Education

Why We Have Public Schools


Why do we have public schools? Prior to the pervasive growth and ubiquity of the internet, it was easy to answer that question because a school’s objectives were clear and rarely questioned: 1) teach, 2) socialize and 3) provide custodial care. Today, two of the three do not apply, and that means big trouble. Let me address them in order.

Providing access to knowledge is one of three historical justifications for schools. Basically, parents had to send their children to schools because the knowledge was stored there, in textbooks and in the heads of teachers. However, today’s young people swim in a sea of information, 24/7. Of course, children need teachers to help them learn to read and master numbers, but, beyond that, a new approach is required. Young people must learn how to deal with the flood of information that surrounds them. They need guidance separating wheat from chaff. They need help formulating questions, and they need to develop the habit of seeking answers, not regurgitating them. They should be going to schools where they are expected and encouraged to discover, build and cooperate. Instead, most of them endure what I call ‘regurgitation education’ in institutions that expect them to memorize the periodic table, the names of 50 state capitals and the major rivers of the United States. These “What? questions must be replaced by “Why?” and “How?” lines of inquiry. After all, the answers to “What” questions like “What is the longest river in the world?” are on everyone’s tech device.  Schools must teach skepticism and encourage curiosity.

Socialization is the second historical justification for sending children to schools. Public school was where boys and girls expanded their worlds beyond family and where young people generally learned about each other. But socialization too has been turned on its head by technology. Today there’s an App for just about everything, including ways to communicate with friends and strangers. Today’s kids don’t need school for socialization in the usual sense of interacting with their peers, because there are literally hundreds of online places for that. ‘Socialization’ takes on new meanings when kids routinely text with ‘friends they’ve never met’ across the continent or an ocean. Again, schools must adapt to this new reality and help young people understand two fundamental messages: digital is forever; and that new friend who claims to be your age and gender may be a sick stalker or worse. Schools must harness technology to help young people create knowledge out of the flood of information that now surrounds them.

Because technology also isolates, schools need to harness its powers for group activities and projects. They should also create technology-free times that provide opportunities for old fashioned (and essential) face-to-face interaction.

Only custodial care, the third reason we send kids to schools, remains unchanged. Parents still need places to send their children during the work day to keep them safe. So does the larger society, which has long since rejected child labor and does not want kids on the streets. But when schools provide only custodial care and a marginal education that denies technology’s reach and power, young people–many of whom already battle overwhelming life challenges–walk away, as at least 6,000 do every school day, for an annual dropout total of over 1 million.

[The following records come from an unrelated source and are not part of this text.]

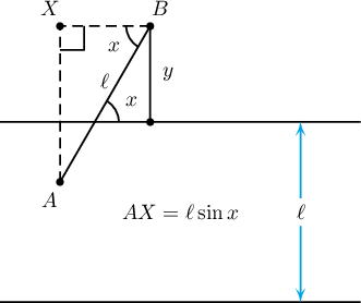 хүртэлх зайг $y$ гэе. Өгөгдсөн шулуунаас цагийн зүүний эсрэг тоолоход хэрчимтэй
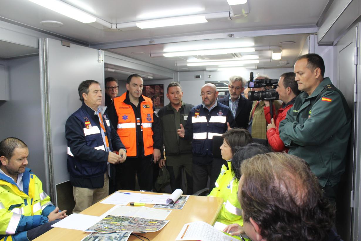 El vehículo de coordinación de la Dirección General de Protección Ciudadana, que ha actuado como Puesto de Mando Avanzado (PMA), se ha instalado dentro de la supuesta zona de alerta, concretamente, en la explanada del aparcamiento junto al Auditorio Francisco Nieva.
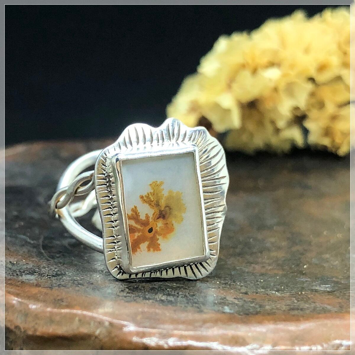 オレンジ色の花を描いたような四角のデンドリティックアゲートです。
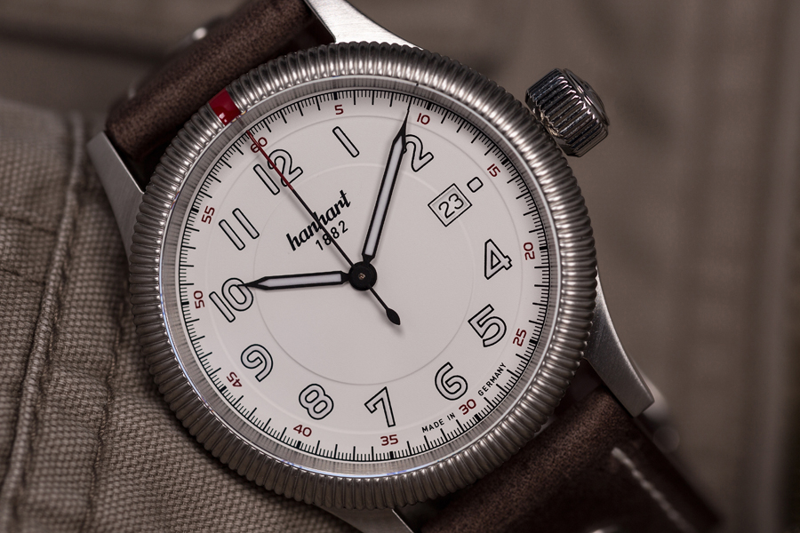 Круглый сатинированный корпус, изготовленный из нержавеющей стали, диаметром 42,0 мм, водонепроницаемый до 100 метров. Безель рифленый вращающийся, с красным маркером. Завинчивающаяся рифленая заводная головка с логотипом бренда Hanhart, выгравированном на ее торце, расположена на 3 часах. Сапфировое стекло с антибликовым покрытиеми защищает серебристый или черный циферблат с арабскими цифрами, часовой и минутной стрелками, покрытыми белым люминесцентным составом. Модель оснащена швейцарским автоматическим механизмом Sellita SW200, с балансовой частотой 28800 полуколебаний в час (4 гц), функциями индикации часов, минут секунд (посредством соответствующих центральных стрелок) и даты (посредством соответствующего цифрового указателя в прямоугольной апертуре, расположенной на 3 часах). Поставляется на коричневом ремешок из телячьей кожи с заклепками и застежкой из нержавеющей стали. Цена модели Hanhart Pioneer One составляет 890 евро. Вложение 2202387 Источник: https://www.watchtime.net/uhren/hanhart-pioneer-one/ |
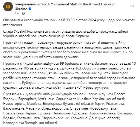 Утром 29 февраля Генштаб ВСУ обнародовал сводку о ситуации на фронте за минувшие сутки.
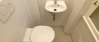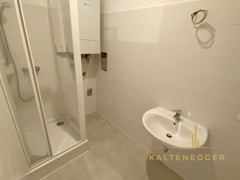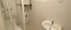 - Badezimmer mit Dusche, Handwaschbecken, Waschmaschinenfixanschluss, Handtuchtrockner
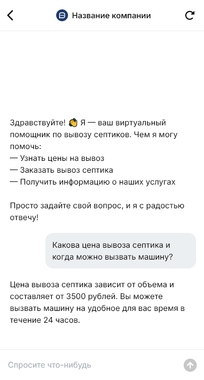 Вывоз септика заказывают быстрее когда бот уточняет объём и подъезд и сразу подтверждает возможность откачки
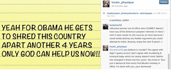 Sorry it is so small, but he basically is not happy about four more years of Obama. Someone comments on the post in support of Obama and Caleb decides to go into a homophobic and racist rant! He uses the term “fags” and calls President Obama a “Muslim monkey.” Whether you support Obama or not, he is still the President of the United States and he deserves your respect and honor. I don’t know what makes people think they can make comments like this and get away with it.
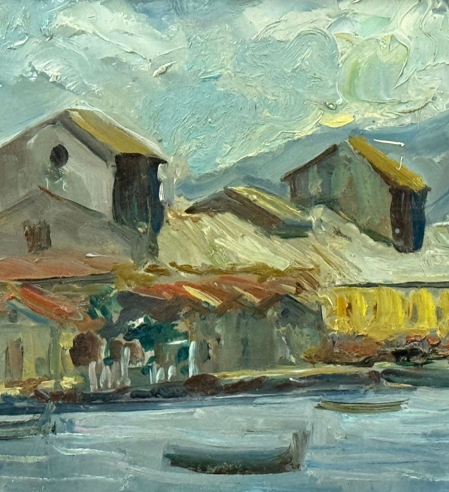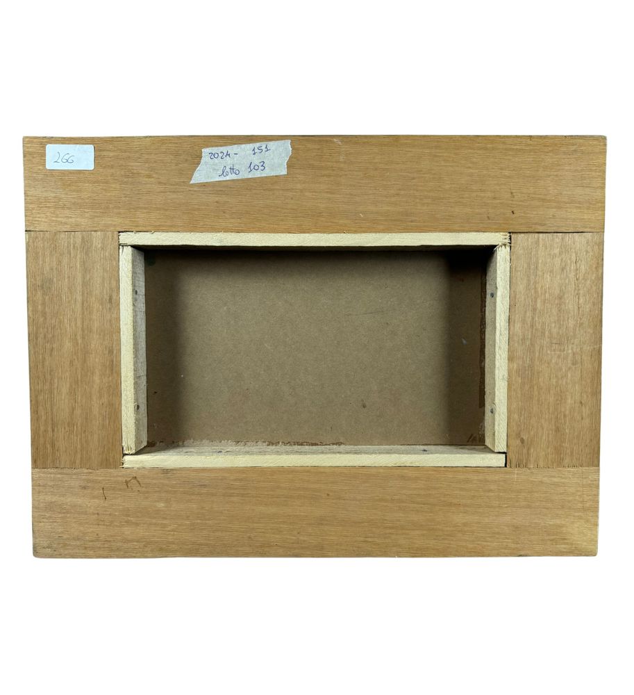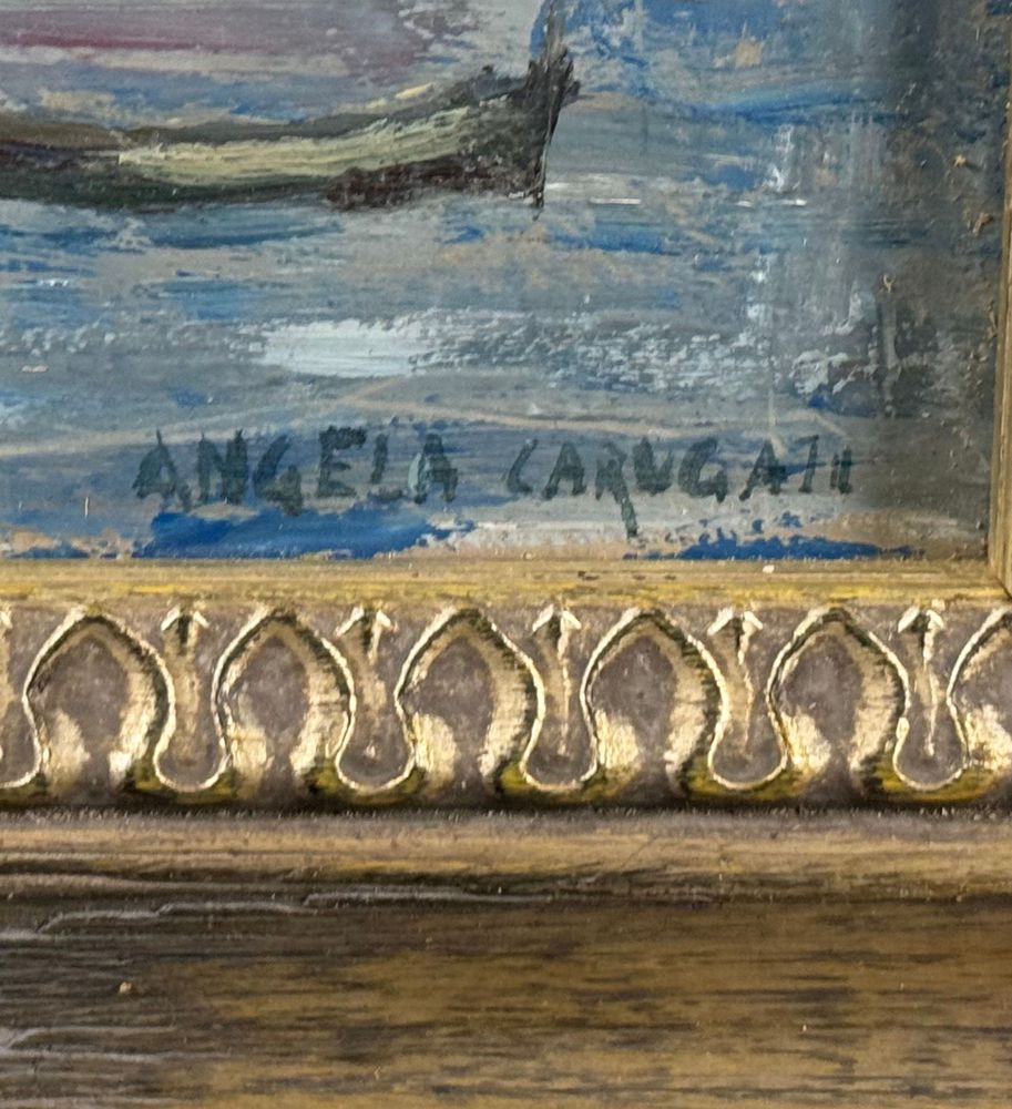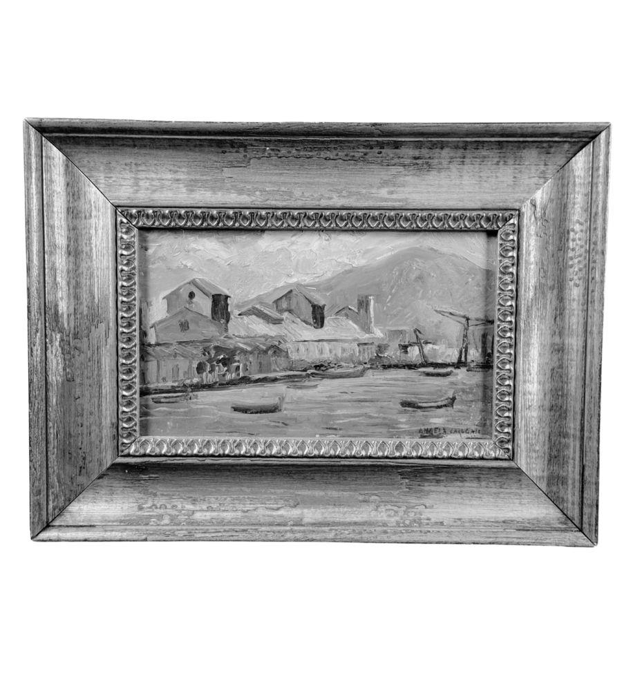 Dipinto olio su pannello, periodo XX secolo scuola italiana, raffigurante Paesaggio fluviale. Dimensioni compreso cornice: 45x33 cm. Dimensioni interno cornice: 30x18 cm. Reca firma in basso a destra da Angela Carugati (1881 - 1977). Opera in buone condizioni.

Tragically, those who remain in marginal schools may find themselves in danger, because the youthful energy that ought to be devoted to meaningful learning is inevitably released, somewhere. Often it comes out in bullying, cyberbullying and other forms of child abuse by children. Marginal education that values compliance, sorting and test scores above all else generally produces dangerous schools. Smart bored kids may–and often do–go after vulnerable children, sometimes with horrifying results. Bullying is widespread.  Boys who are bullied past their breaking point may try to hurt others, while girls are likely to try to hurt themselves.  

Unfortunately, those in charge of public education have not been paying attention to these seismic changes. Instead they are warring over teacher competence, test scores, merit pay and union rules, issues that are fundamentally irrelevant to the world children live in.

And the longer this battle rages and the longer we postpone addressing the real issues, the greater the damage to children and, ultimately, our social structure. The drug of (phony and superficial) “School Reform” is preventing us from addressing the real issue: we send our children to schools that are inappropriate for the 21st Century. That is the problem that must be faced head on–and solved.